A resposta é afirmativa. Tanto mais agora que o novo texto constitucional simplificou a tarefa jurisdi-cional ao estabelecer uma série de parâmetros objetivamente aferíveis. No regime da Carta de 1969, a cláusula "necessidades normais", sem qualquer outro detalhamento, padecia de um conteúdo fluido, algo impreciso, ainda que não indeterminável. Presentemente, todavia, o próprio inciso IV enuncia os fatores a serem tomados em conta na fixação do salário mínimo: moradia, alimentação, educação, saúde, lazer, vestuário, higiene, transporte e previdência social. E muito embora seja impossível erradicar-se totalmente um certo grau de subjetividade, é plenamente possível a um juiz, por dados oficiais ou mediante prova técnica, estimar, v.g., o valor de aluguel de uma habitação modesta em bairro operário, o custo de alimentação valorado por uma cesta básica, as despesas de transporte tendo em vista o preço da passagem etc. Mesmo quando os valores pudessem oscilar significativamente, de acordo com o que cada um viesse a considerar como padrão mínimo de dignidade, o fato é que há um núcleo central em relação ao qual haverá consenso em qualquer circunstância" (Barroso, 2000, p. 151).

Nesse mesmo sentido, lembre-se o magistério de Paulo Bonavides, para quem "os direitos fundamentais da segunda geração tendem a tornar-se tão justiciáveis quanto os da primeira" (2000, p. 518), e de Flávia Piovesan, que defende que "a ideia de não acionabilidade dos direitos sociais é meramente ideológica e não científica" (2002, p. 240).
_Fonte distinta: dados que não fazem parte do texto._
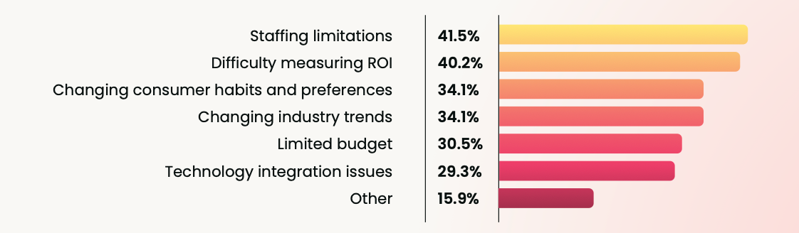 According to our report, nearly half of marketers cite difficulty measuring ROI as one of their biggest barriers. That sits right next to staffing limitations at 41.5%.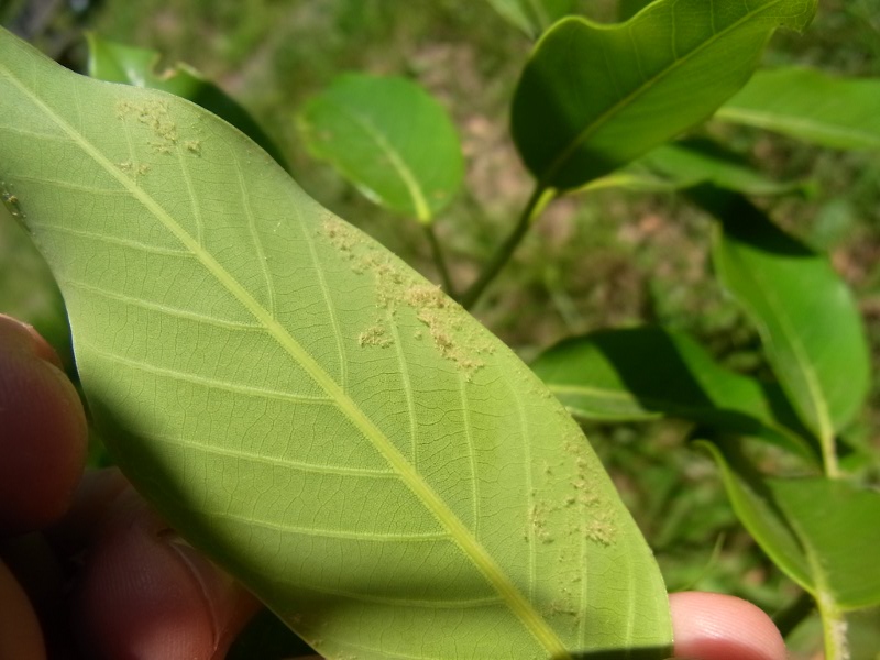 На листе такая как войлочная оболочка, не соединённая с поверхностью, совсем молодые листья и побеги были покрыты ей целиком, но туда я не дотягивалась... |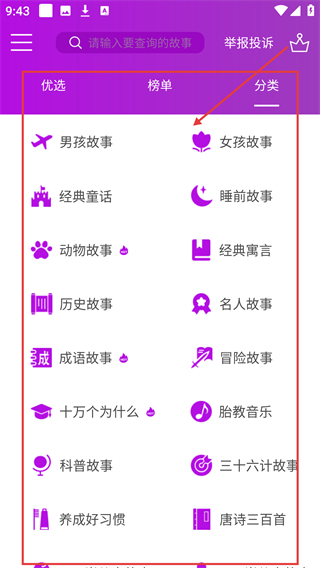 3、返回首页点击【分类】,在分类列表中选择【睡前故事】类别,即可筛选出对应类型的故事内容呀。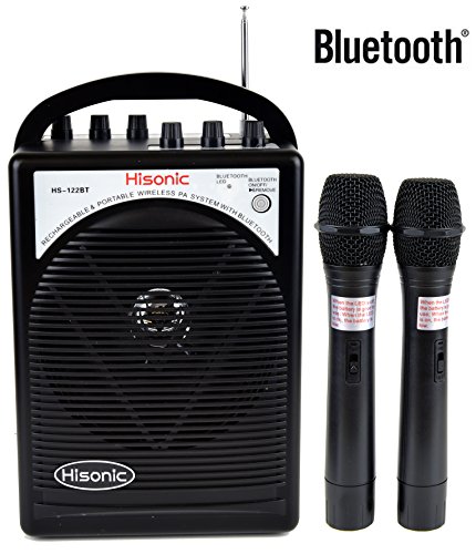 HISONIC HS122BT-HH Portable PA System with Dual Channel Wireless Microphones (Two handheld), Lithium Rechargeable Battery, Bluetooth Streaming Music From your Cell Phones, Black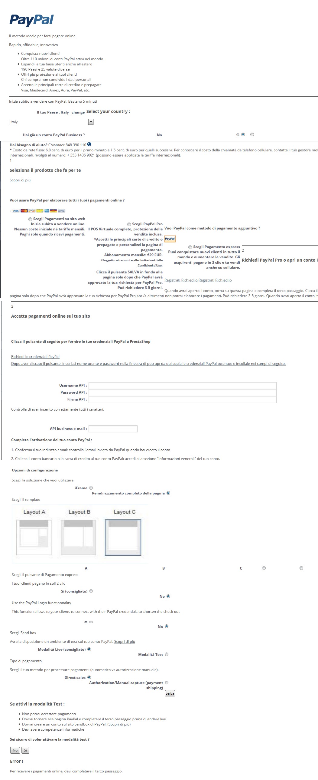 montellam Posted July 3, 2014 Share Posted July 3, 2014 (edited) Sto usando una versione di prestashop nativa 1.6.0.5 e poi aggiornata a 1.6.0.8 con 1-click update. E' incluso il modulo paypal 3.7.1 che a quanto pare la pagina della configurazione mi appare in modo strano. Vi allego le foto. Ecco come deve essere : Provando a disinstallare il modulo paypal e a reinstallarlo mi da questo errore: [PrestaShop] Fatal error in module Language:require_once() [function.require]: Failed opening required '/home/qtfwyoxc/public_html/tools/tar/Archive_Tar.php' (include_path='/home/qtfwyoxc/public_html/tools/htmlpurifier/standalone:.:/usr/lib/php:/usr/local/lib/php') Cliccando poi sul pulsante indietro del browser e aggiornando la pagina me lo da come installato ma la pagina di configurazione è sempre la stessa. Ho provato anche ad installare manualmente il file scaricando il file zip e importarlo nel backend, ma niente, stessa situazione. Provando a compilare tutti i campi in modo corretto e premendo il pulsante salva, mi compare in basso la scritta complimenti è possibile ricevere pagamenti ora e poi subito sotto: ERROR !Per ricevere i pagamenti online, devi completare il terzo passaggio. Edited July 3, 2014 by montellam (see edit history) Link to comment Share on other sites More sharing options...
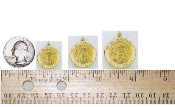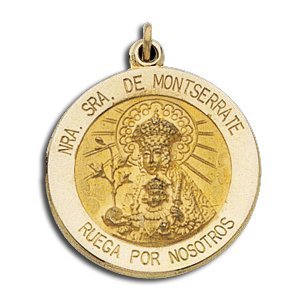 This 14K Solid Gold medal is of the Miraculous image venerated since 1225 in the Benedictine monastery near Barcelona, Spain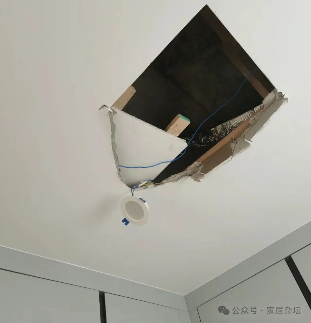 ①、顶板的漏水。其实顶板的漏水相对还好一些,拆开吊顶,就找到了漏水点。最后发现,是楼上的卫生间漏水了,最后也给修复了。

Dentro desta ideia de plena e pronta exigibilidade dos direitos fundamentais sociais em juízo, independentemente da atuação do legislador - ou até mesmo contra essa atuação - caberia ao Poder Judiciário um papel de relevância. Dotando-se de uma postura "ativista", os juízes garantiriam a efetivação daqueles direitos, em prol da concretização da promessa constitucional, suprindo a omissão do legislador ou a inércia da sociedade civil. Como exemplo desse pensamento, cite-se trecho de obra de Andreas J. Krell:

"Concordamos com Clève, que defende um novo tipo de Poder Judiciário e de compreensão da norma constitucional, com juízes 'ativistas', vinculados às diretivas e às diretrizes materiais da constituição, voltados para a plena realização dos seus comandos e não apenas apegados aos esquemas da racionalidade formal e, por isso, muitas vezes simples guardiões do status quo. Torna-se necessária, portanto, uma 'mudança de paradigmas' na percepção da sua própria posição e função no moderno Estado Social de Direito" (2002, p. 98).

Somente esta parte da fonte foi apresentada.